Венера без лицензии, стр. 11

– Я бы тоже хотел посетить одну могилу.

Он кивнул, продолжая глядеть на отца.

– Только я не знаю, где она. Думаю, где-то здесь, но точно не знаю...

– Можно справиться в администрации.

Он повернулся к Давиду: тот ничуть не изменился в лице, только на лбу выступила испарина.

– Назовите имя, а они вам скажут участок и номер могилы.
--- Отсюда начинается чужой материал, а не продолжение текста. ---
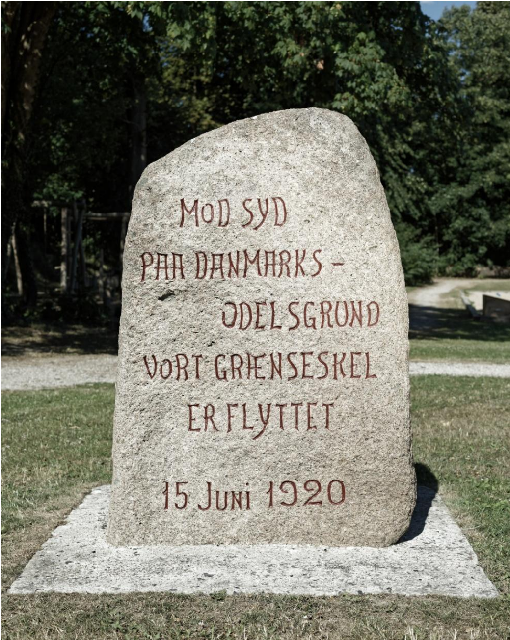
Mørke-stenen efter nyopmaling, juni 2018.

Indskriften er hugget af J. P. Jacobsen, Mørke.

В голосе Давида он тоже не уловил никаких новых интонаций:

– Это девушка, которую я убил в прошлом году. Ее зовут Альберта Раделли.

5

Отрезок бульвара от арки Семпьоне до замка Сфорца знаменит тем, что по обеим сторонам его – даже если на часах всего десять утра – всегда стоят в полной боевой готовности женские фигурки, летом одетые, как правило, в короткие облегающие платьица. Этим дамочкам раздолье в вечной суете большого города, где не существует обывательских разграничений между ночью и днем и где в любой час от 00.00 до 24.00 любой гражданин, проезжающий мимо на машине, волен притормозить и вступить с ними в деловой контакт.

В то утро синяя «Джульетта» появилась справа от арки и слегка притормозила, когда девушка на пятом десятке, играющая роль несовершеннолетней поклонницы битлов, едва не бросилась под колеса; однако машина сделала мастерский вираж и вновь набрала скорость – не потому, что Давида Аузери не слишком вдохновил вид этой «юной» искательницы приключений, – наоборот, просто, как случалось с ним довольно часто, когда он бывал близок к желанной цели, какая-то неведомая сила подтолкнула его к бегству. Чуть подальше, из-за дерева, еще одна девица, на этот раз действительно юная (при всем желании ей нельзя было дать больше двадцати), замахала ему рукой, как будто они договорились подать документы о вступлении в брак. Эта небесная блондинка чем-то вообще напоминала подругу известного гангстера из голливудских лент, а еще больше – напудренную девочку в карнавальном костюме придворной дамы XVII века, девочку, которой нет дела до того, насколько этот наряд соответствовал исторической эпохе, ее занимают лишь веселые игры и множество сладостей, уготованных ей на детском празднике. Однако Давид Аузери испуганно шарахнулся и от блондинки, хотя его так и подмывало остановиться. Непонятный страх, всегда овладевавший им поначалу, проходил, только если девице все же удавалось втиснуться в машину.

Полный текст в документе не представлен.